_ABOUT THIS TASK:_
All that should appear is the line containing "足立区は、江戸時代から、紙す" and the lines after it in the records below, each reproduced exactly.

Source data
- Opening Delimiter -

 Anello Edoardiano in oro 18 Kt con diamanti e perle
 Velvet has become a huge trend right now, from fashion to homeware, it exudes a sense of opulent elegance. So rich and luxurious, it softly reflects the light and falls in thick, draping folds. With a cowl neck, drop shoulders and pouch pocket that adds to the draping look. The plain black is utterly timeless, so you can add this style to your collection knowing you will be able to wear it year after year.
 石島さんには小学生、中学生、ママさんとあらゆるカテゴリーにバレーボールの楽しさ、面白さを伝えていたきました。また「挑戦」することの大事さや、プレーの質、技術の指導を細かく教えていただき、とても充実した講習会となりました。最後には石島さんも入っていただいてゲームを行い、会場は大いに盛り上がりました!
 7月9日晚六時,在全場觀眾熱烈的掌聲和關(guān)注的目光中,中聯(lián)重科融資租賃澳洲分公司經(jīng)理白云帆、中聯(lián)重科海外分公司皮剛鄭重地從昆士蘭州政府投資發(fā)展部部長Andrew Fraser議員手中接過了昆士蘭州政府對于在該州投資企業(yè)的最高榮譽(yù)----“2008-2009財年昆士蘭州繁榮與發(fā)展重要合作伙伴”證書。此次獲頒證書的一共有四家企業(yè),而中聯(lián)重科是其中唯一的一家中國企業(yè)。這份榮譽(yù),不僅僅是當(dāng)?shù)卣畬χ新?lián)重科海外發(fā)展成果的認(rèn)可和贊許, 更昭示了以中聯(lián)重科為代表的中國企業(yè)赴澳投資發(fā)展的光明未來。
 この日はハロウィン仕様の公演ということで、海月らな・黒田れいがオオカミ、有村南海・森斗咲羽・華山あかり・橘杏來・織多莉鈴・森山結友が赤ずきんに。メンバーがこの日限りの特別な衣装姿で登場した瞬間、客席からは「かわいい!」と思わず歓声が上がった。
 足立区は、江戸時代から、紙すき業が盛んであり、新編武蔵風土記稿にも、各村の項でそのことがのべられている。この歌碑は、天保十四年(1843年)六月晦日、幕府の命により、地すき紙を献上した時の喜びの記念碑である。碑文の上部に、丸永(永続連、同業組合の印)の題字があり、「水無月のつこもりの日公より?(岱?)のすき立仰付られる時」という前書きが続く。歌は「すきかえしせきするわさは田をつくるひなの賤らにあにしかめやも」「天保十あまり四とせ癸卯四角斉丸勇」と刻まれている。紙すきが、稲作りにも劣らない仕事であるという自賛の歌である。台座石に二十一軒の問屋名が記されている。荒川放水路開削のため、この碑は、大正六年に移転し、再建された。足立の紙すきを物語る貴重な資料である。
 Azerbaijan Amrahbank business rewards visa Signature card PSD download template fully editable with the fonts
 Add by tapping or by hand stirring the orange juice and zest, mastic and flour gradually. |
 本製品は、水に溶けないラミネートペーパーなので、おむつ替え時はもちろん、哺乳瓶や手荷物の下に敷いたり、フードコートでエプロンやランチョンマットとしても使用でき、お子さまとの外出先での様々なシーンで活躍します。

- Closing Delimiter -

_SOLUTION BELOW:_
 足立区は、江戸時代から、紙すき業が盛んであり、新編武蔵風土記稿にも、各村の項でそのことがのべられている。この歌碑は、天保十四年(1843年)六月晦日、幕府の命により、地すき紙を献上した時の喜びの記念碑である。碑文の上部に、丸永(永続連、同業組合の印)の題字があり、「水無月のつこもりの日公より?(岱?)のすき立仰付られる時」という前書きが続く。歌は「すきかえしせきするわさは田をつくるひなの賤らにあにしかめやも」「天保十あまり四とせ癸卯四角斉丸勇」と刻まれている。紙すきが、稲作りにも劣らない仕事であるという自賛の歌である。台座石に二十一軒の問屋名が記されている。荒川放水路開削のため、この碑は、大正六年に移転し、再建された。足立の紙すきを物語る貴重な資料である。
 Azerbaijan Amrahbank business rewards visa Signature card PSD download template fully editable with the fonts
 Add by tapping or by hand stirring the orange juice and zest, mastic and flour gradually. |
 本製品は、水に溶けないラミネートペーパーなので、おむつ替え時はもちろん、哺乳瓶や手荷物の下に敷いたり、フードコートでエプロンやランチョンマットとしても使用でき、お子さまとの外出先での様々なシーンで活躍します。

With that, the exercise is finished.